This mechanism comes in the form of the aromatase enzyme I talked about earlier:
“Aromatase is a specific component of the cytochrome P450 enzyme system responsible for the transformation of androgen precursors into estrogens.
This enzyme is encoded by the CYP19A1 gene located at chromosome 15q21.2, that is, expressed in ovary and testis, but also in many extraglandular sites such as the placenta, brain, adipose tissue, and bone”
In other words, the correct testosterone-to-estrogen ratio for YOUR body is already genetically encoded and in constant regulation.
Everyone’s “sweet spot” is entirely dictated by biochemical individuality (due to your genetics) and your epigenetics (a.k.a. your lifestyle).
Therefore, attempting to get your estradiol (E2) levels to conform within ranges set forth by laboratory standards is a big fat waste of time.
(And by the way…the mean ranges provided by LabCorp and Quest Diagnostics are NOT designed for men using therapeutic testosterone!)
Blocking the aromatase enzyme is a terrible idea because you’re preventing your body from reaching a state of hormonal equilibrium between testosterone and estrogen levels:
“Men with estrogen deficiency caused by a mutation in the CYP19 gene suffer from low bone mineral density (BMD) and unfused epiphyses, and have high gonadotropin and testosterone levels.
As you can see, there are multiple disease pathologies possible when a genetic mutation causes estrogen deficiency.
Which leads me to the main takeaway of this section…
Anytime estrogen is attenuated, lowered, or blocked, pathology develops because estradiol is very protective in men.
Most of the beneficial effects of therapeutic testosterone are MODULATED by estradiol!
As one of the world’s leading Androgen Researchers and epidemiologists, Dr. Scott Howell has spent the last 2 decades pouring over tens of thousands of studies and has made the same discovery.
Specifically, he came up with five main conclusions:
1. Optimal cellular physiology of sex steroid target tissues vitally depends on the androgen-to-estradiol ratio rather than single hormone action in isolation.
2. This ratio is controlled in vertebrates by aromatase enzyme levels set through the aromatase gene.
3. Alteration of this ratio in either direction leads to pathology of most organ systems.
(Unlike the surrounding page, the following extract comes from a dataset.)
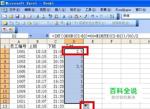 如下图所示,在D2里输入“=INT((HOUR(C2-B2)*60+MINUTE(C2-B2))/30)/2”,利用这个公式即可计算出编号为1001的员工的加班工时。 HOUR(C2-B2)是计算上下班时刻的时位差,然后乘以60换算成分钟;MINUTE(C2-B2)计算上下班时刻的分位差,结果是分钟。把时位差和分位差相加后除以30(半小时),即可计算出加班多少个基准单位工时(半小时),INT函数则是舍弃结果的小数部分(也就是忽略不足半小时的加班时间不计),最后把结果除以2换算成小时以方便考核绩效和核发加班费。

4. Aromatase is a fail-safe mechanism in men to protect organ systems through the needed levels of estradiol for organ protection relative to circulating endogenous or exogenous androgens.
5. Only 20 cases of true aromatase deficiency or true aromatase excess syndrome has been described in the medical literature since 2014 so there is no justifiable reason to block aromatase in men on testosterone replacement or bodybuilders taking massive amounts of synthetic androgens.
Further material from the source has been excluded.